Side: Typically the safest position to sleep in as you are able to achieve ideal body alignment if you create a pillow fortress around you!
- When you are sleeping on your side make sure that your head pillow supports the weight of your head so you can maintain neutral spine alignment
- A pillow in between your knees helps to prevent rotation in your lower back and reduce contact stress between your knees.
- If you sleep with one leg straight and the other bent up towards your chest, it is a good idea to place a pillow underneath the bent knee to limit rotation through the hips and lower back.
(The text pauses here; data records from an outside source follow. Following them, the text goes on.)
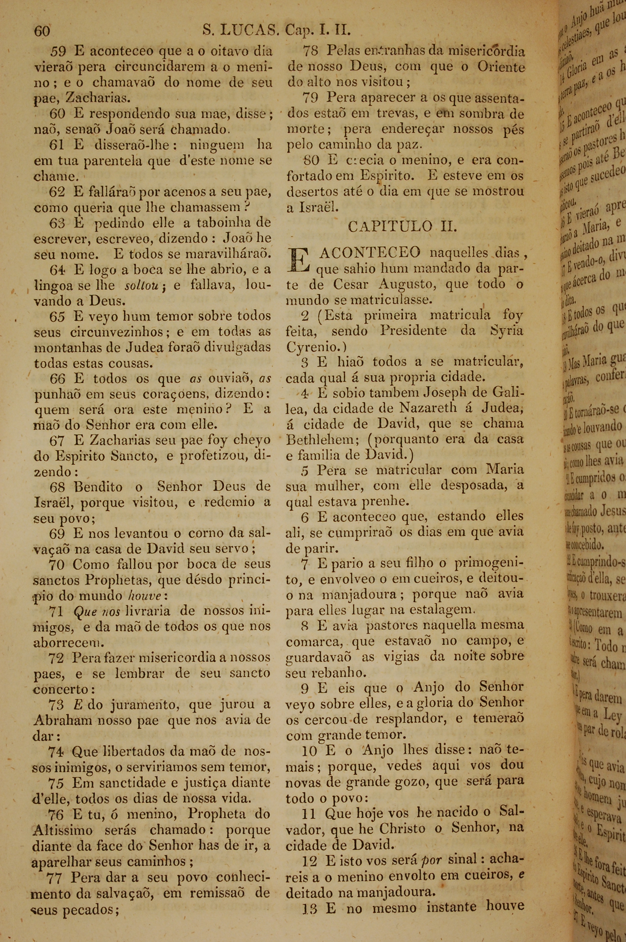 1819年葡萄牙語新約全書 路加福音 1 章 59 節到 2 章 13 節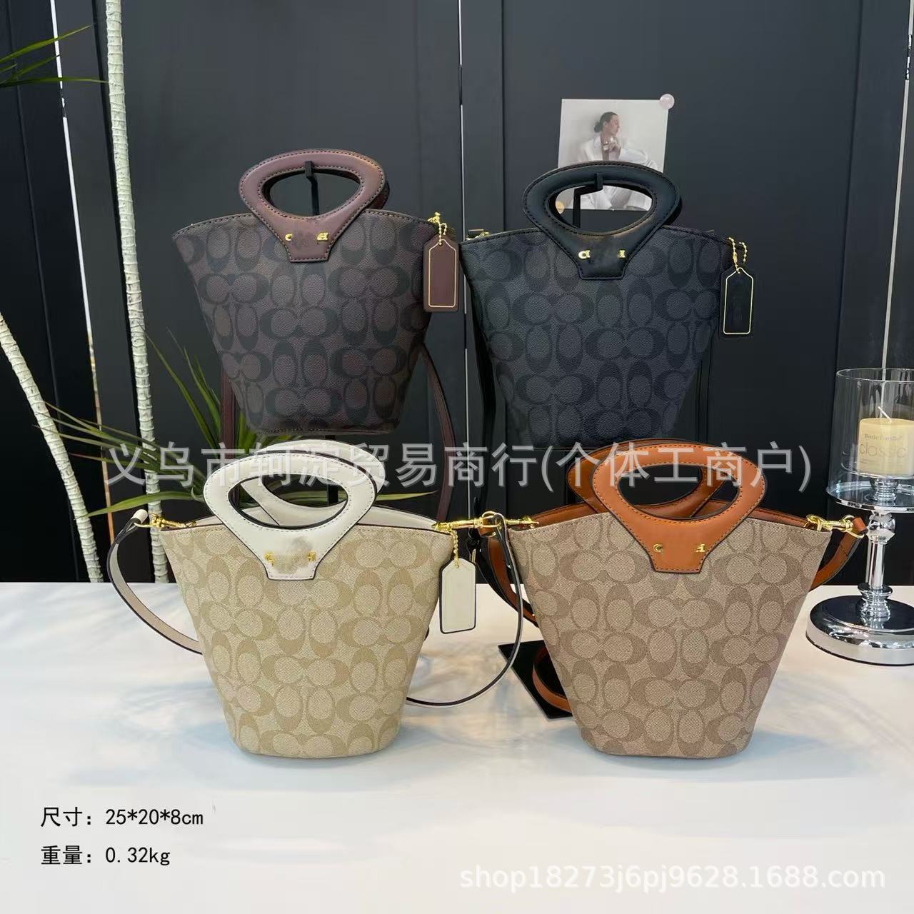 蔻家女士水桶包2025C家复古老花单肩菜篮子包时尚潮流斜跨手提包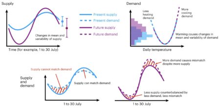 Conceptual illustrations of climate change impacts on supply, demand and SDM of wind and solar energy systems. Credit: Liu et al, Nature Energy (2023). DOI: 10.1038/s41560-023-01304-w…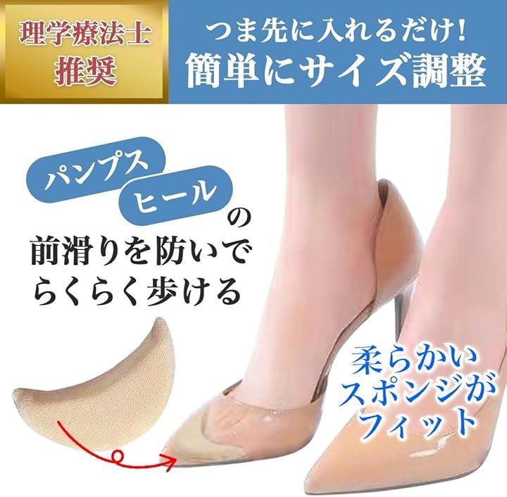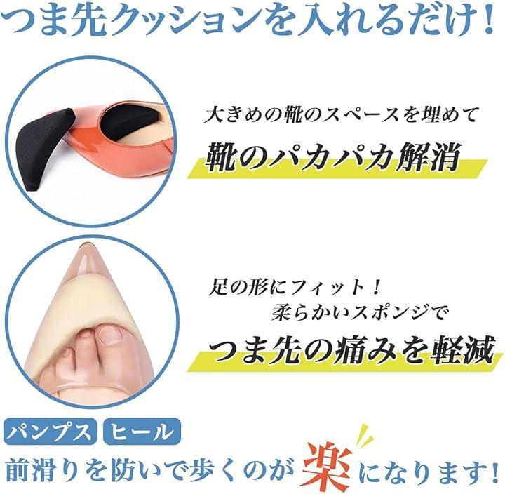 「歩くのが楽になります」柔らかいスポンジが靴のつま先にフィット。パンプス、ヒールの前滑りを防いで楽に歩けます。

- Sleeping with your bottom arm up by your face is usually most comfortable. Instead of wedging your arm underneath the pillow, place it on top to reduce the rotation in your shoulder.
- Sleeping with a pillow hugged against your chest as a place to rest your top arm can reduce rotation through your mid back keeping you aligned.
The MoveSafe Approach to Sleep Ergonomics
MoveSafe approaches sleep ergonomics with the same principles we use when facing office or industrial ergonomic risks. Recognizing the potential for musculoskeletal injuries and following injury prevention principles can help keep you healthy and feeling your best. MoveSafe sums injury prevention into 3 principles and when each principle is followed you put yourself at the greatest advantage of maintaining a healthy and active body throughout your life.
Prepare & Maintain the Body: Be aware of when your body is telling you that something is uncomfortable. If you are uncomfortable, make a change. Either change your position or think about changing your equipment.
Use Healthy Postures & Movements: Pick a sleeping position that is most comfortable for you and puts you at the least risk for injury.
Prepare Your Equipment: Choose a mattress and pillow that suits your body best, providing appropriate support that allows you to maintain neutral spine alignment. Replace mattresses and pillows when they are no longer able to support you.